● **Material provided**:
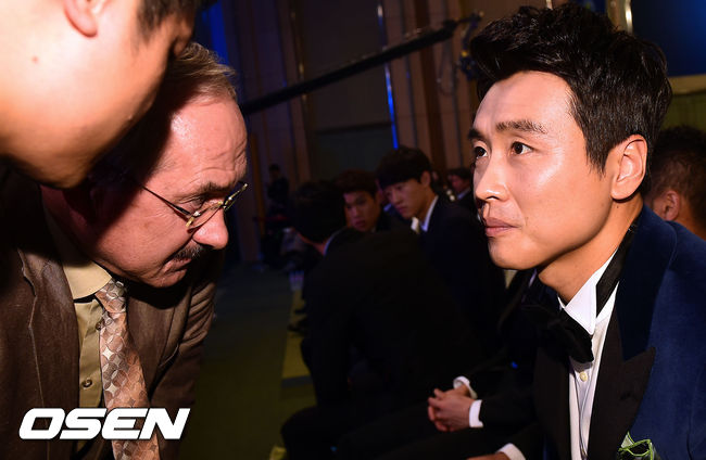 1일 오후 서울 서대문구 홍은동 그랜드힐튼호텔 컨벤션센터에서 열린 '2014 현대오일뱅크 K리그 대상' 시상식, 슈틸리케 감독이 MVP로 선정된 이동국과 이야기를 나누고 있다.
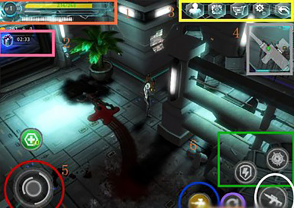 在屏幕左下角有一个虚拟摇杆,玩家利用该虚拟摇杆进行移动。
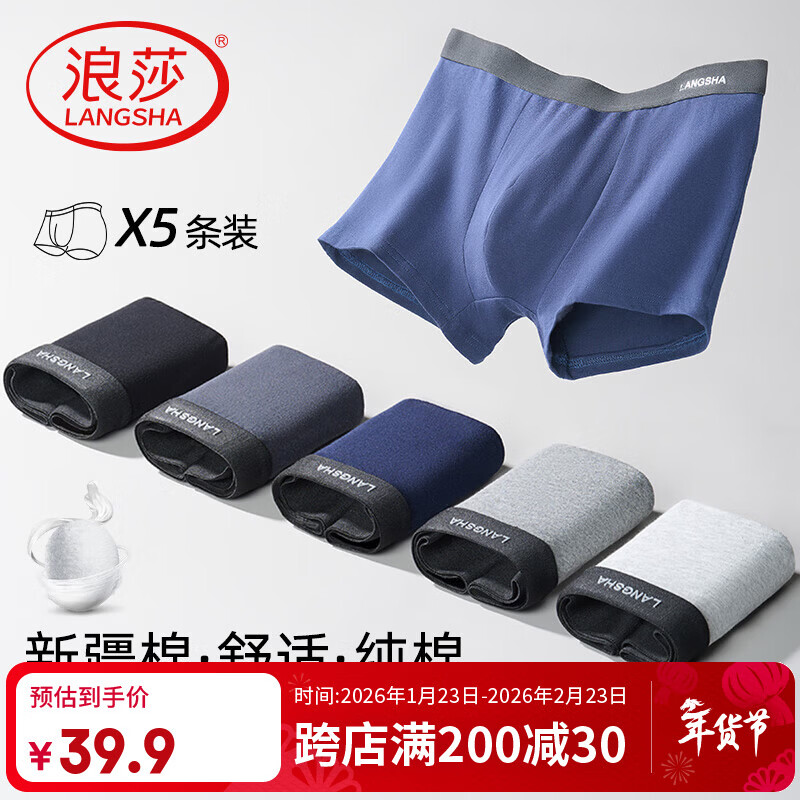 浪莎5条男士内裤男纯棉10A抗菌平角裤透气中腰男式四角短裤衩男生裤头
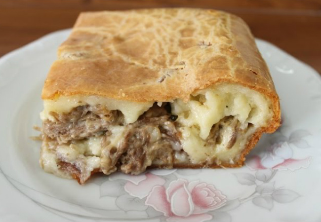 Essa receita de bolo de pão de queijo é recheada com uma carne previamente cozida e temperada, já desfiada.
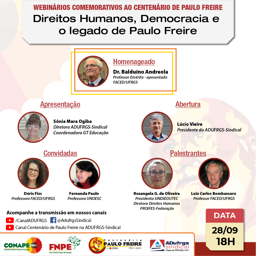 - ADUFRGS-Sindical participa da programação da Semana Freiriana do PROIFES-Federação
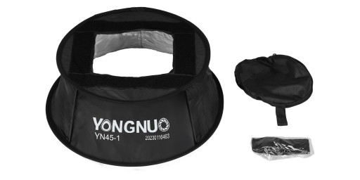 Softbox Yongnuo YN45-1 to kompaktowy i wydajny modyfikator światła o średnicy 45 cm, przeznaczony do pracy z lampami z serii Yongnuo YN300. Zapewnia miękkie, przyjemne dla oka oświetlenie. Dzięki niemu pozbędziesz się ostrych cieni, które mogą niekorzystnie wpływać na jakość Twoich zdjęć i filmów. Jego wnętrze wykończone srebrną powłoką skutecznie odbija światło, działając jak reflektor. Równocześnie warstwa białego materiału zapewnia optymalną miękkość. Wystarczy jeden szybki ruch ręki, aby rozłożyć softbox Yongnuo YN45-1. Solidne rzepy umożliwiają błyskawiczne i solidne połączenie z lampą. W zestawie znajduje się również praktyczny pokrowiec, który ułatwia przechowywanie i transport.
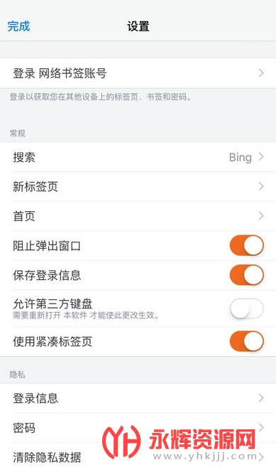 3. 支持以下13个功能:阅读模式,夜晚模式,无图片省流量模式;隐私标签页,网络书签同步,自定义主页,自定义及添加搜索引擎,屏蔽弹出窗口,保存登录密码,允许第三方键盘,标签页总预览界面可变为小或大,支持touch id和密码,清空历史及隐私数据。
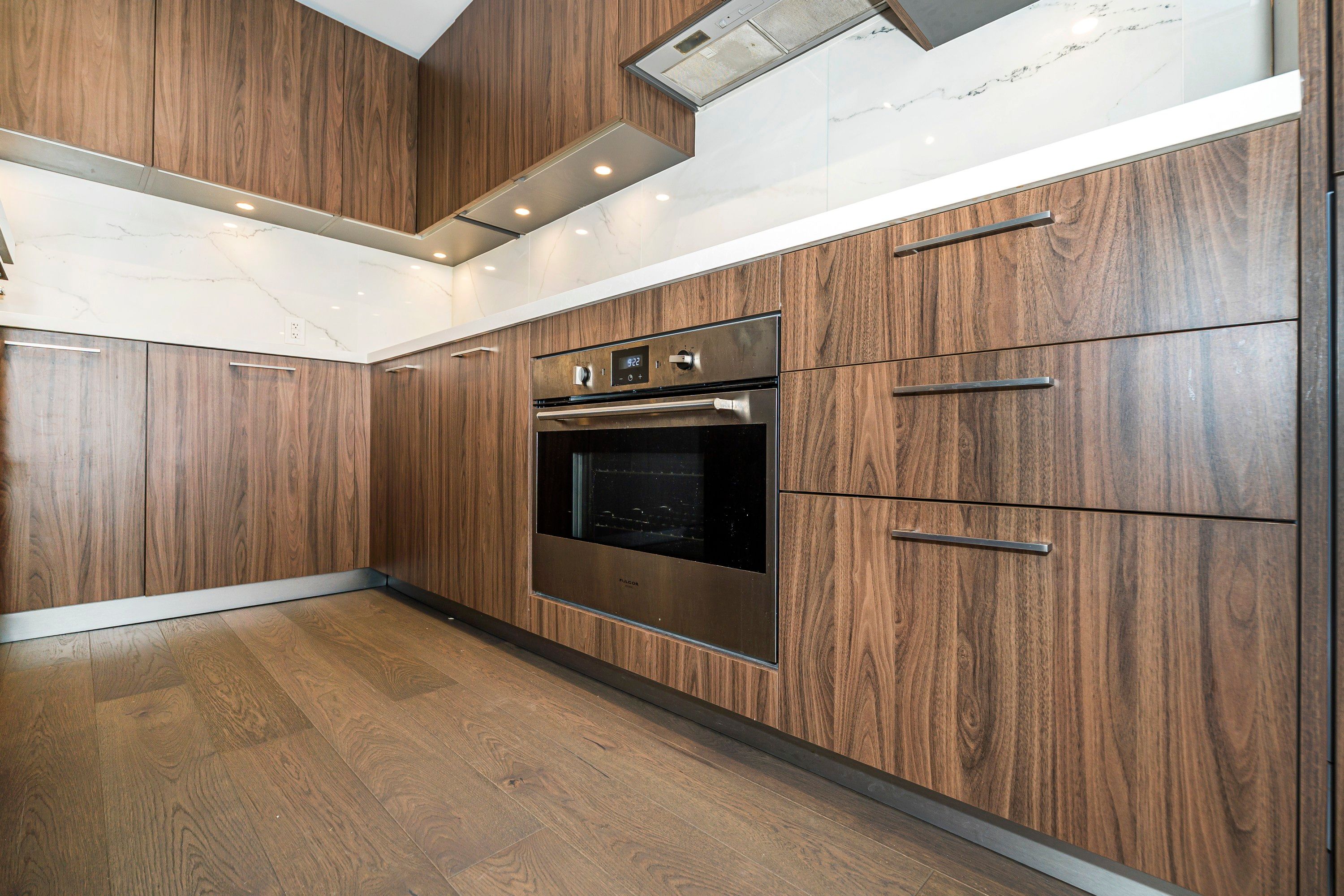 • Modern kitchen featuring stainless steel appliances and quartz counters.
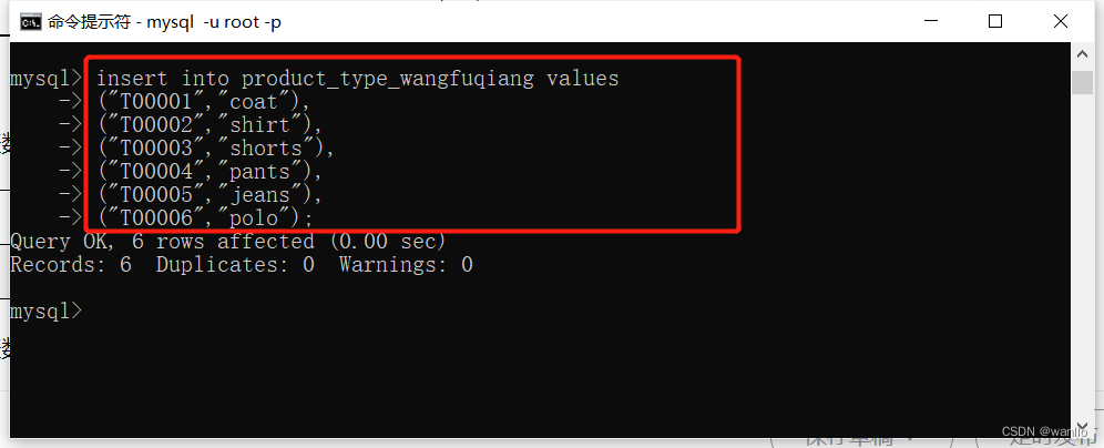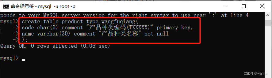 - 创建产品种类表“product_type_姓名全拼”,表中字段信息如下:
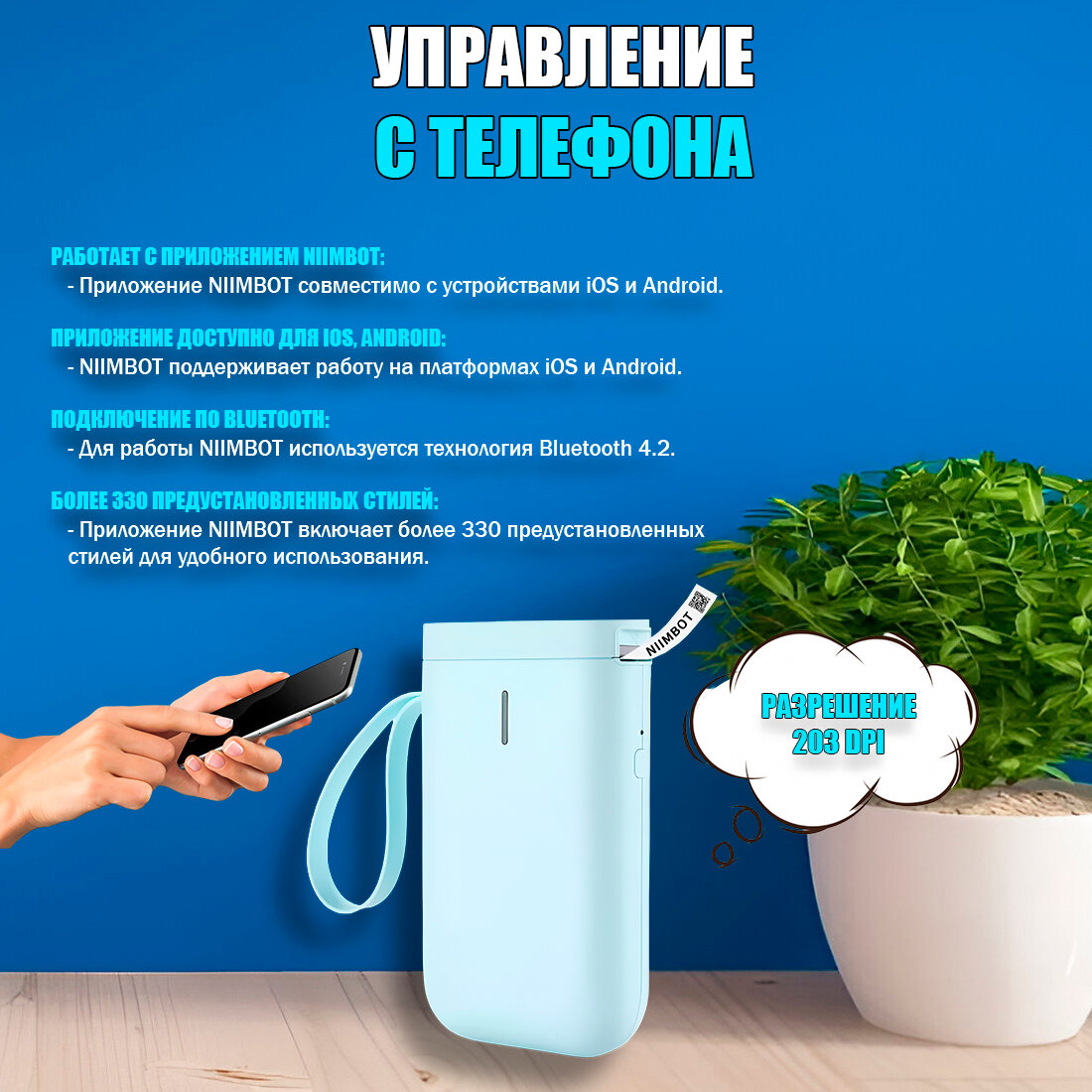 10 цен на Термопринтер Niimbot D11 H (синий), Bluetooth 4.2, термопечать
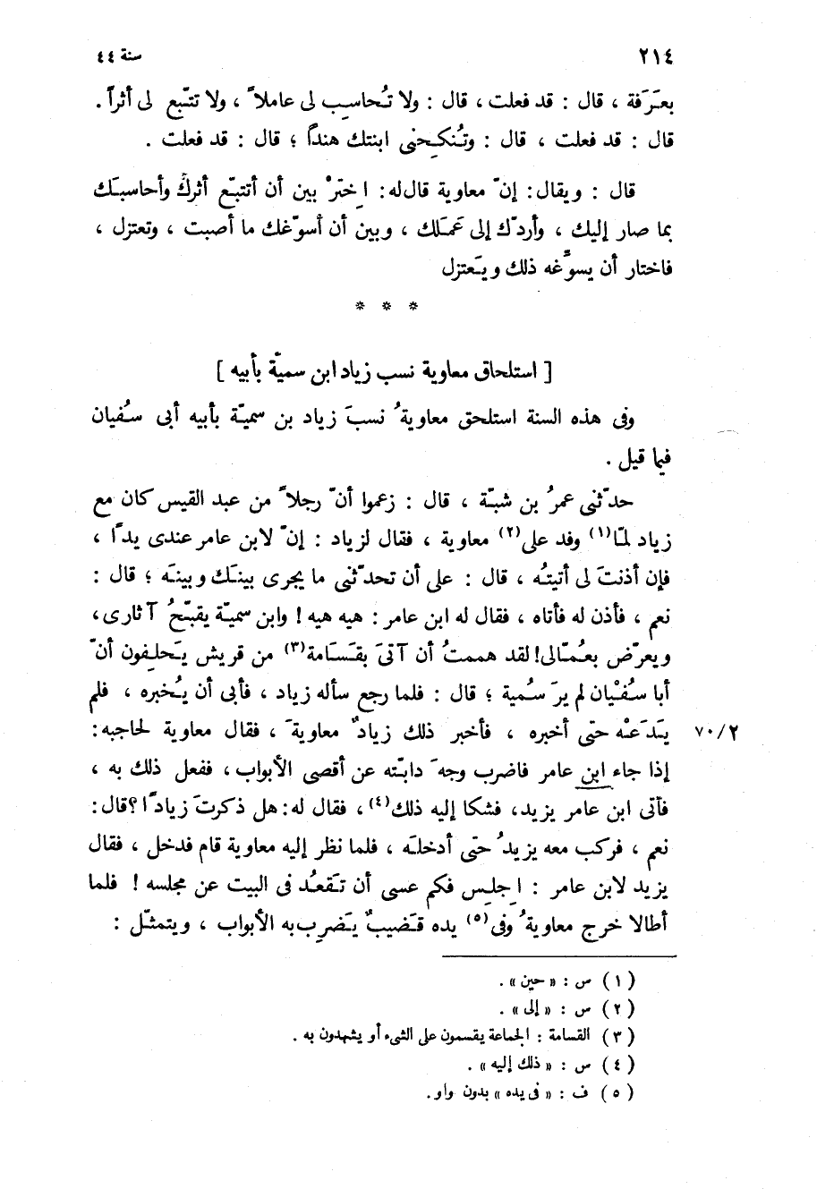 وَفِي هَذِهِ السَّنَةِ اسْتَلْحَقَ مُعَاوِيَةُ نَسَبَ زِيَادِ بن سُمَيَّةَ بِأَبِيهِ أَبِي سُفْيَانَ فِيمَا قِيلَ.

● **Work instruction**:
Copy each entry exactly as written, and drop the pictures from the copy.

● **Answer to the problem**:
 1일 오후 서울 서대문구 홍은동 그랜드힐튼호텔 컨벤션센터에서 열린 '2014 현대오일뱅크 K리그 대상' 시상식, 슈틸리케 감독이 MVP로 선정된 이동국과 이야기를 나누고 있다.
 在屏幕左下角有一个虚拟摇杆,玩家利用该虚拟摇杆进行移动。
 浪莎5条男士内裤男纯棉10A抗菌平角裤透气中腰男式四角短裤衩男生裤头
 Essa receita de bolo de pão de queijo é recheada com uma carne previamente cozida e temperada, já desfiada.
 - ADUFRGS-Sindical participa da programação da Semana Freiriana do PROIFES-Federação
 Softbox Yongnuo YN45-1 to kompaktowy i wydajny modyfikator światła o średnicy 45 cm, przeznaczony do pracy z lampami z serii Yongnuo YN300. Zapewnia miękkie, przyjemne dla oka oświetlenie. Dzięki niemu pozbędziesz się ostrych cieni, które mogą niekorzystnie wpływać na jakość Twoich zdjęć i filmów. Jego wnętrze wykończone srebrną powłoką skutecznie odbija światło, działając jak reflektor. Równocześnie warstwa białego materiału zapewnia optymalną miękkość. Wystarczy jeden szybki ruch ręki, aby rozłożyć softbox Yongnuo YN45-1. Solidne rzepy umożliwiają błyskawiczne i solidne połączenie z lampą. W zestawie znajduje się również praktyczny pokrowiec, który ułatwia przechowywanie i transport.
 3. 支持以下13个功能:阅读模式,夜晚模式,无图片省流量模式;隐私标签页,网络书签同步,自定义主页,自定义及添加搜索引擎,屏蔽弹出窗口,保存登录密码,允许第三方键盘,标签页总预览界面可变为小或大,支持touch id和密码,清空历史及隐私数据。
 • Modern kitchen featuring stainless steel appliances and quartz counters.
 - 创建产品种类表“product_type_姓名全拼”,表中字段信息如下:
 10 цен на Термопринтер Niimbot D11 H (синий), Bluetooth 4.2, термопечать
 وَفِي هَذِهِ السَّنَةِ اسْتَلْحَقَ مُعَاوِيَةُ نَسَبَ زِيَادِ بن سُمَيَّةَ بِأَبِيهِ أَبِي سُفْيَانَ فِيمَا قِيلَ.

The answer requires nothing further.